Nurses: NCCN designates this educational activity for a maximum of 1.0 contact hour.

Pharmacists: NCCN designates this knowledge-based continuing education activity for 1.0 contact hour (0.1 CEUs) of continuing education credit. UAN: JA4008196-0000-23-001-H01-P

PAs: NCCN has been authorized by the American Academy of PAs (AAPA) to award AAPA Category 1 CME credit for activities planned in accordance with AAPA CME Criteria. This activity is designated for 1.0 AAPA Category 1 CME credit. Approval is valid until January 10, 2024. PAs should only claim credit commensurate with the extent of their participation.

All clinicians completing this activity will be issued a certificate of participation. To participate in this journal CE activity: (1) review the educational content; (2) take the posttest with a 66% minimum passing score and complete the evaluation at https://education.nccn.org/node/92887; and (3) view/print certificate.

Pharmacists: You must complete the posttest and evaluation within 30 days of the activity. Continuing pharmacy education credit is reported to the CPE Monitor once you have completed the posttest and evaluation and claimed your credits. Before completing these requirements, be sure your NCCN profile has been updated with your NAPB e-profile ID and date of birth. Your credit cannot be reported without this information. If you have any questions, please email education@nccn.org.

Release date: January 10, 2023; Expiration date: January 10, 2024

Learning Objectives:

Upon completion of this activity, participants will be able to:

  • • Integrate into professional practice the updates to the NCCN Guidelines for Central Nervous System Cancers

  • • Describe the rationale behind the decision-making process for developing the NCCN Guidelines for Central Nervous System Cancers

Disclosure of Relevant Financial Relationships

None of the planners for this educational activity have relevant financial relationship(s) to disclose with ineligible companies whose primary business is producing, marketing, selling, reselling, or distributing healthcare products used by or on patients.
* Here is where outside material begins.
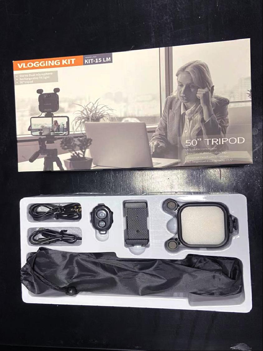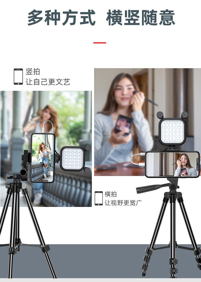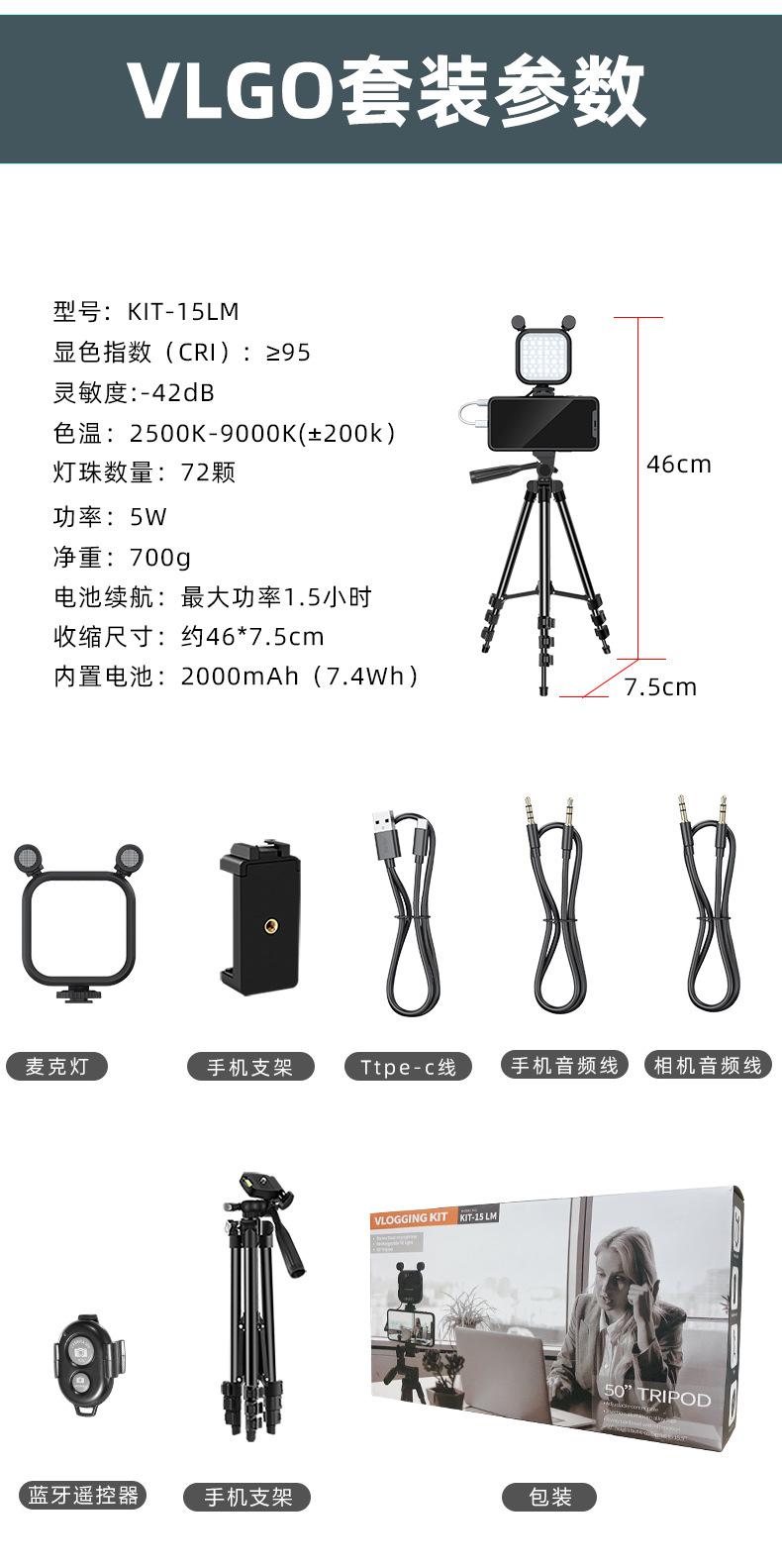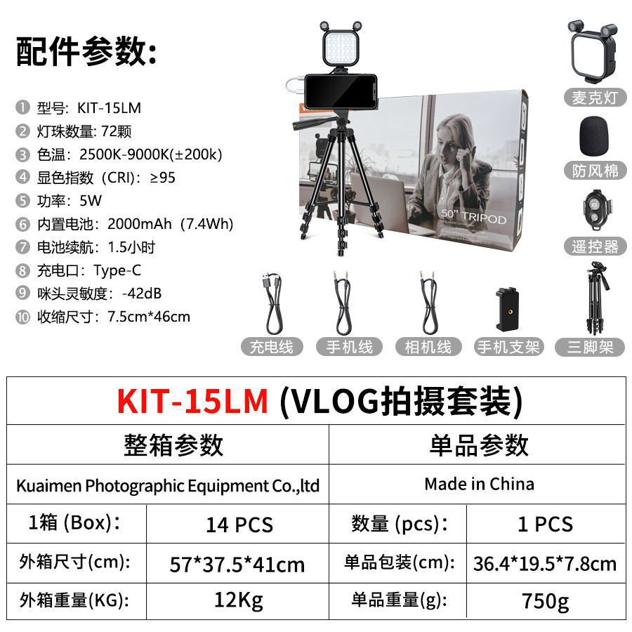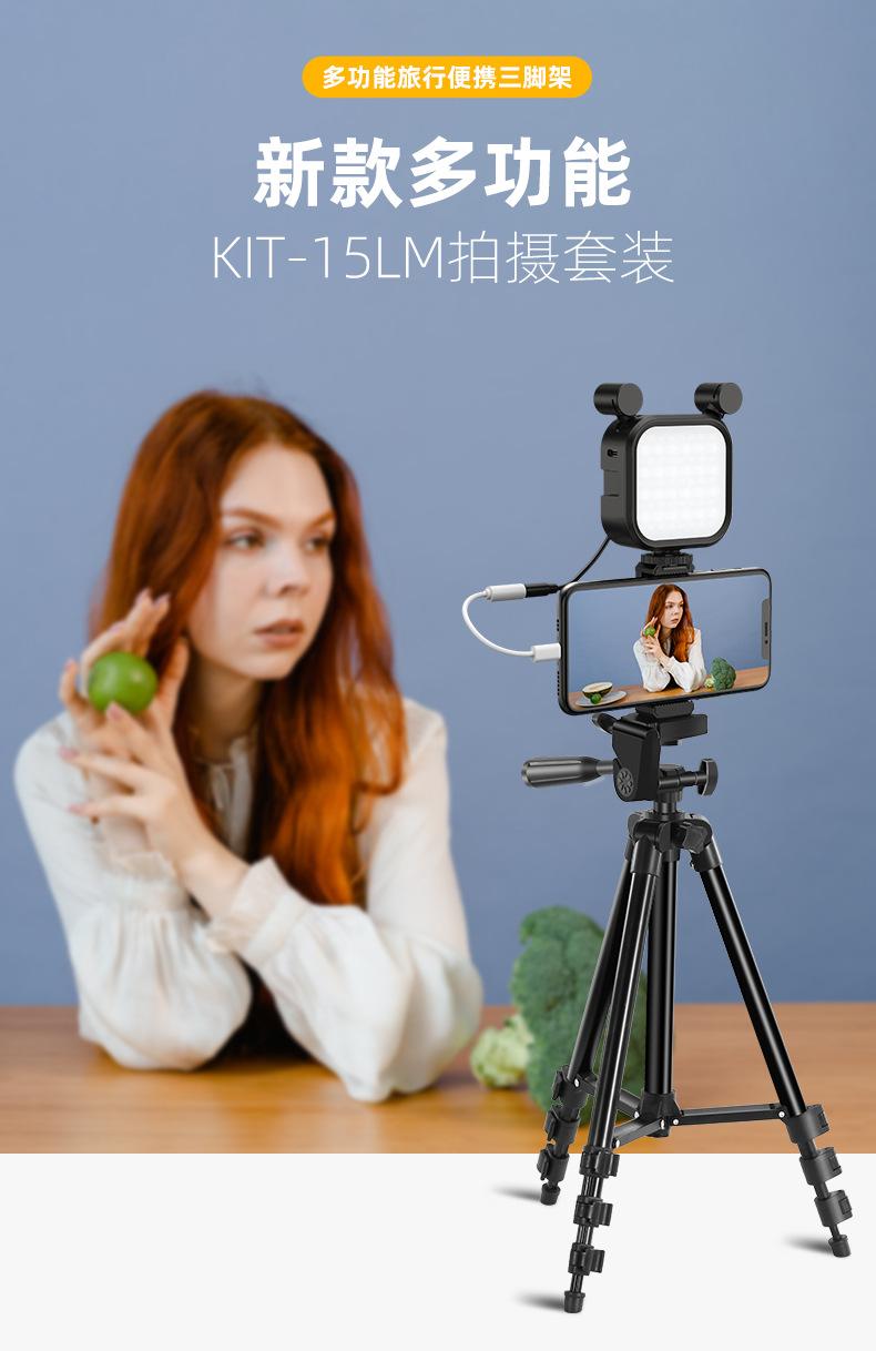 Kit de grabación KIT-15LM de suministro directo transfronterizo, kit de trípode para grabación en vivo con teléfono móvil y artefacto VLOG

Individuals Who Provided Content Development and/or Authorship Assistance:

The faculty listed below have no relevant financial relationship(s) with ineligible companies to disclose.

Craig Horbinski, MD, PhD, Panel Member

Donald M. Cannon, MD, Panel Member

Mary Anne Bergman, Guidelines Coordinator, NCCN

Susan Darlow, PhD, Manager, Guidelines Information Standardization, NCCN

The faculty listed below have the following relevant financial relationship(s) with ineligible companies to disclose. All of the relevant financial relationships listed for these individuals have been mitigated.
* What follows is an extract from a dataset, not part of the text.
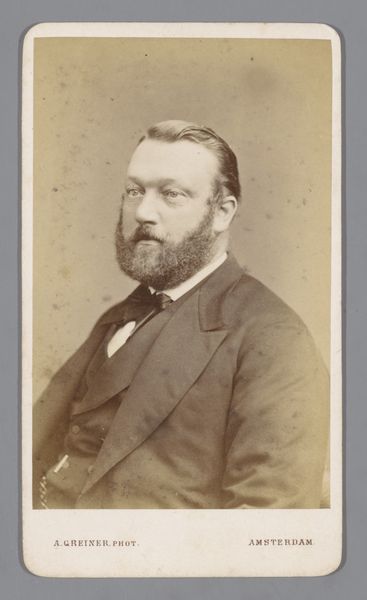 This is a half-figure portrait of the sculptor Sopers, created by Joseph Dupont. The photograph is characterized by a subdued palette, dominated by sepia tones that lend a vintage feel. The subject's dark coat and full beard contrast gently with the muted background, drawing our attention to his face and posture. Dupont masterfully employs light and shadow to define Sopers's form, highlighting the texture of his hair and beard, and the contours of his face. The composition is structured around a balance of dark and light, with the sitter positioned slightly off-center, creating a sense of dynamic equilibrium. This compositional choice reflects a broader artistic concern with capturing individual likeness and essence. The photograph's dimensions, just over 10 cm in height and 6 cm in width, position it firmly within a tradition of intimate portraiture. It invites close inspection, not just as a record of a person but as an artifact embedded with cultural and artistic codes. The study of such photographs continues to evolve, offering us new ways to understand the interplay between art, identity, and representation.
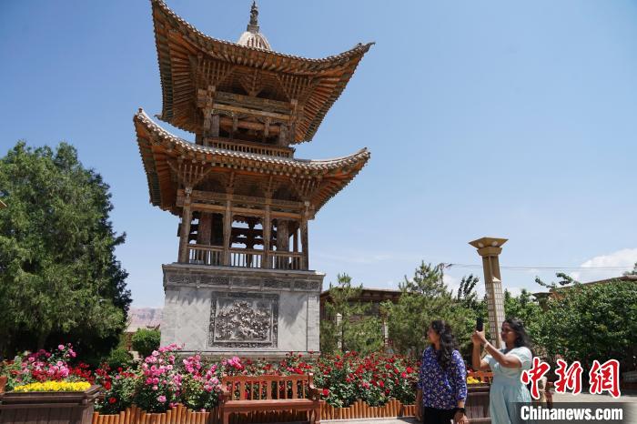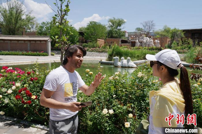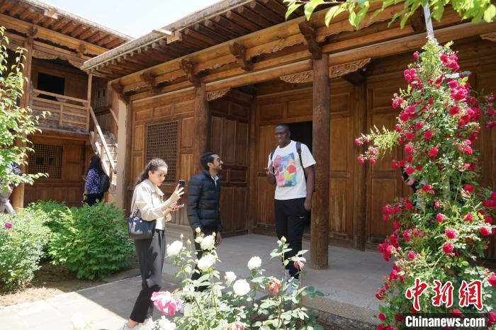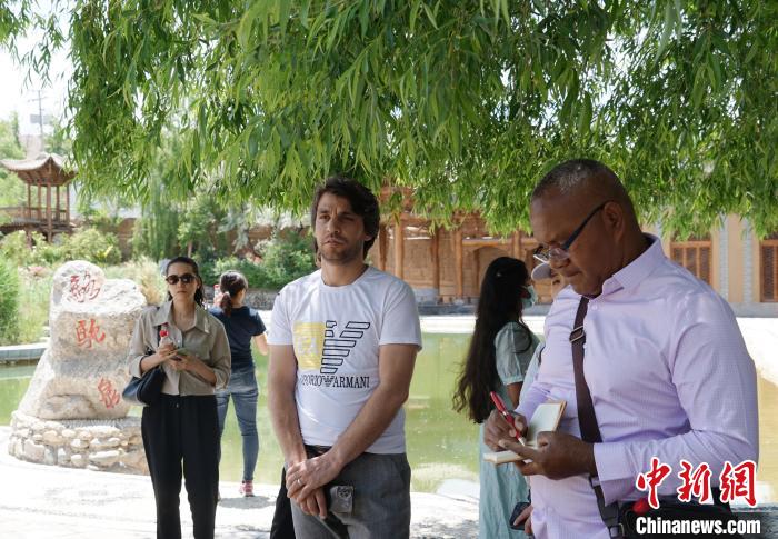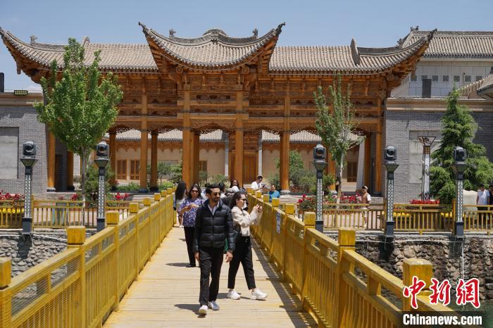 6月13日,十四国记者来到青海省东部黄河岸畔的中国唯一撒拉族自治县循化县,在撒拉尔故里民俗文化园和地标性景区骆驼泉中参观撒拉族传统建筑、庭院,了解当地历史文化。图为记者团在撒拉尔故里民俗文化园参观撒拉族传统建筑、庭院。

Louis Burt Nabors, MD, Panel Chair, has disclosed serving as a scientific advisor for Chimerix Inc.

Jane Portnow, MD, Panel Vice Chair, has disclosed receiving grant/research support from Agios, Inc., Bayer HealthCare, Celularity, Incyte Corporation, and Novocure; and serving as a scientific advisor for IN8bio, Inc.

Milan G. Chheda, MD, Panel Member, has disclosed receiving grant/research support from Incyte Corporation, Merck & Co., Inc., NeoImmuneTech, and Orbus Therapeutics Inc.

Matthias Holdhoff, MD, PhD, Panel Member, has disclosed serving on a data safety monitoring board for Advarra, Inc. and PAREXEL International Corporation; and receiving an honorarium from Pfizer Inc.

Seema Nagpal, MD, Panel Member, has disclosed receiving grant/research support from Agios, Inc., Berg Health, Inovio, INSIGHTEC Ltd., Novocure, and PharmAbcine; serving as a scientific advisor for KIYATEC, Inc. and Mirati Therapeutics Inc.; serving on a trial steering committee for Biocept and Novocure; and serving as a consultant for EnClear Therapies, Inc.

Vinay Puduvalli, MD, Panel Member, has disclosed receiving grant/research support from Bexion Pharmaceuticals, Inc., Karyopharm Therapeutics, Merck & Co., Inc., Radiomedix, Inc., and Samus Therapeutics, Inc.; serving as a scientific advisor for INSIGHTEC Ltd., NewBio Therapeutics, Inc., Novocure, Orbus Therapeutics Inc., and Servier Laboratories; serving as a consultant for INSIGHTEC Ltd., Novocure, Orbus Therapeutics Inc., and Servier Laboratories; and having equity interest/stock options in Amarin Pharma Inc. and Gilead Sciences, Inc.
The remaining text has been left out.